Evaluating the Measurement Quality of Social and Emotional Learning (SEL) Assessments

The purpose of this guide is to assist educators in evaluating the technical quality of a social and emotional learning (SEL) assessment by identifying what types of information and evidence a developer should provide for an assessment and determining if the assessment is appropriate for local plans for interpretation and use. Technical (psychometric) considerations addressed in this guide are based on the 2014 Standards for Educational and Psychological Testing published by the American Educational Research Association (AERA), the American Psychological Association (APA), and the National Council on Measurement in Education (NCME).

What is the purpose of the guide?

The purpose of this guide is to prepare assessment users to know what questions to ask regarding the availability of information and empirical evidence that may support the intended interpretation and use of an SEL assessment for their student population. The extent to which the technical evidence for an SEL assessment addresses these questions will assist informed selection decisions that will translate into more valid interpretations and uses.

Who are the intended users of this guide?

This guide is for educators tasked with the selection and use of an SEL assessment. Ideally, a group of educators and experts with relevant insights about the content to be assessed and the use of the resulting information to guide action will be involved in the evaluation. Although specialized psychometric expertise can be helpful, this guide was written for assessment users who may not be experts in the technical details of assessment development.

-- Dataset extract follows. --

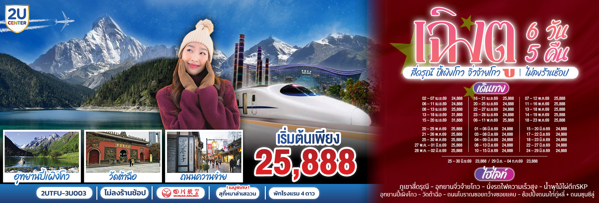 บินตรงเชียงใหม่ เฉิงตู ภูเขาสี่ดรุณี ธารน้ำแข็งต๋ากู่ จิ่วจ้ายโกว 6 วัน 5 คืน ** นั่งรถไฟความเร็วสูง 1 เที่ยว ** โดยสายการบิน Chengdu Airlines (EU) ** เที่ยวเต็มอิ่ม..ไม่ลงร้านช้อป**

What types of interpretations and uses of SEL assessment does the guide address?

This guide is applicable to situations where SEL is measured to provide feedback and improve instruction and programs. The guide is not intended for situations where SEL assessments are being used for accountability or in consequential decision making at a group or individual level.

Consequential decisions at an individual student level would involve measuring student learning to screen or diagnose students in need of additional services or intervention or to identify students with a mental health concern. If an SEL assessment will be used for these types of consequential decisions, educators should consult with school district professionals who have received appropriate training and who hold the licenses or certifications necessary to conduct clinical evaluations of children for mental health or special education intervention, mental health diagnosis or special education classification. These professionals should also be well-versed in the tenets of the Standards for Educational and Psychological Testing (AERA, APA, NCME, 2014).

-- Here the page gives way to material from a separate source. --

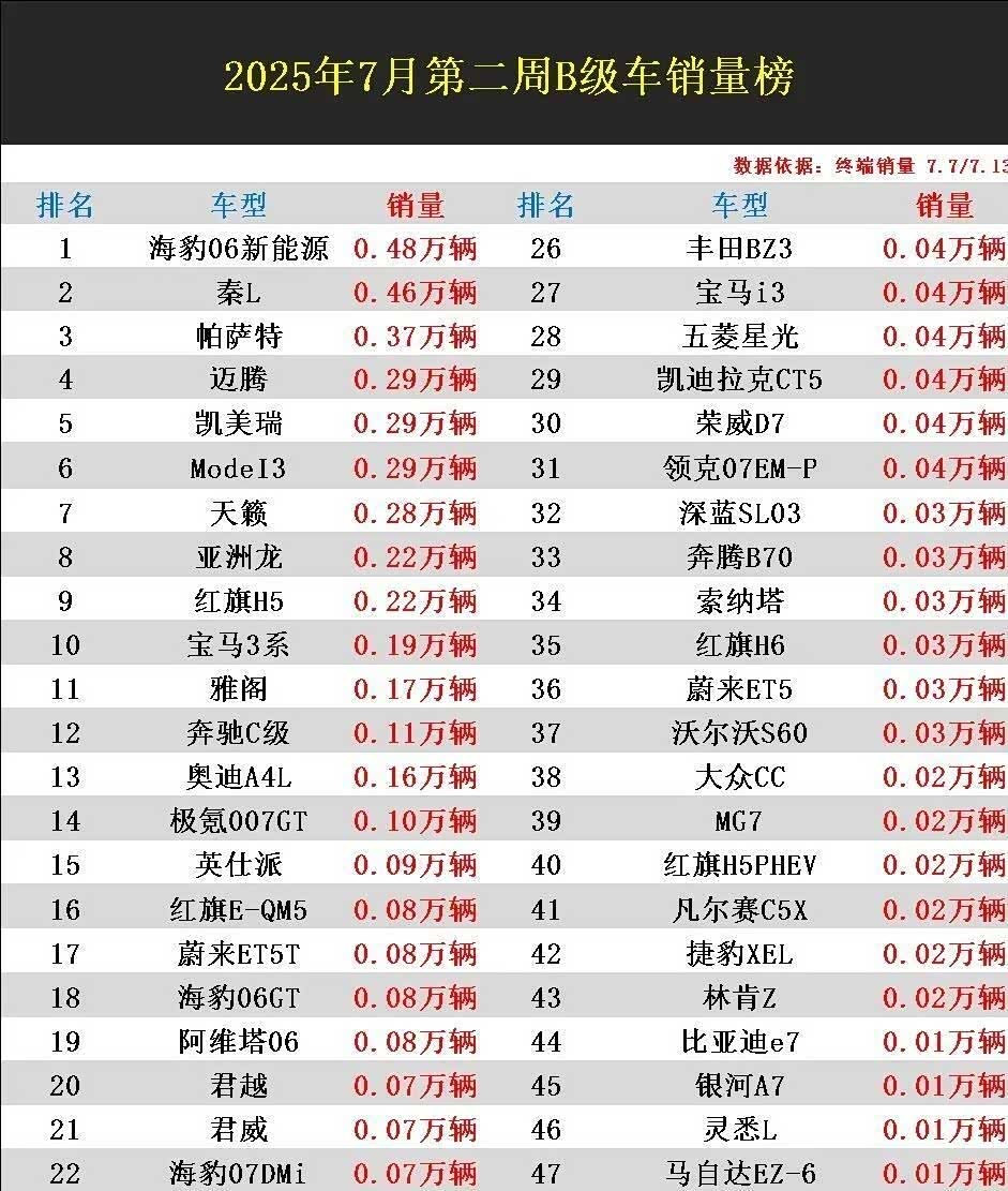 7月第二周的销量榜单让所有人大跌眼镜:长期霸榜的比亚迪秦L被自家兄弟海豹06反超后者以4800辆的成绩意外登顶。 曾经需要加价5万才能提车的帕萨特如今终端价直降6万却依然被甩开1000多辆的差距勉强守住第三名。

If an SEL assessment will be used to make high-stakes decisions about a school or program, it is highly recommended that evidence be carefully scrutinized with the assistance of someone with psychometric expertise and an understanding of the context in which the decisions will be made.

What do you need to know to use this guide?

The importance and relevance of different types of technical evidence are based on what SEL competencies you are wanting to measure; how you intend on using assessment results; your local setting and student population; and the format of the assessment, including how it is administered and scored.

For each consideration, the guide outlines what documentation the assessment developer should provide, what the test user should do with that documentation, some explanation and examples, and what to do if an SEL assessment does not meet the consideration. Information needed to answer these questions can be found on assessment developers’ websites, technical manuals, administration and scoring manuals or even in published technical evaluations of SEL assessments.

It is likely that most SEL assessments will not meet all considerations in this guide. The guide was written to address best practices rather than common practices so users should weigh the pros and cons of using an SEL assessment that may not meet one or more considerations. If an SEL assessment does not meet one or more considerations listed in this guide, it still might be appropriate to use that assessment if caution is used in interpretation and use unless the assessment will be used for high stakes decisions about individuals, schools or programs.

This guide is divided into four parts and all four parts should be applied when evaluating the technical quality of the SEL assessment.

  1. Does the assessment effectively measure the SEL competencies of interest?
  2. Does the SEL assessment provide credible evidence for your intended uses?
  3. Is the SEL assessment relevant for your students and your setting?
  4. Does the SEL assessment address issues related to administration, scoring, and the assessment format?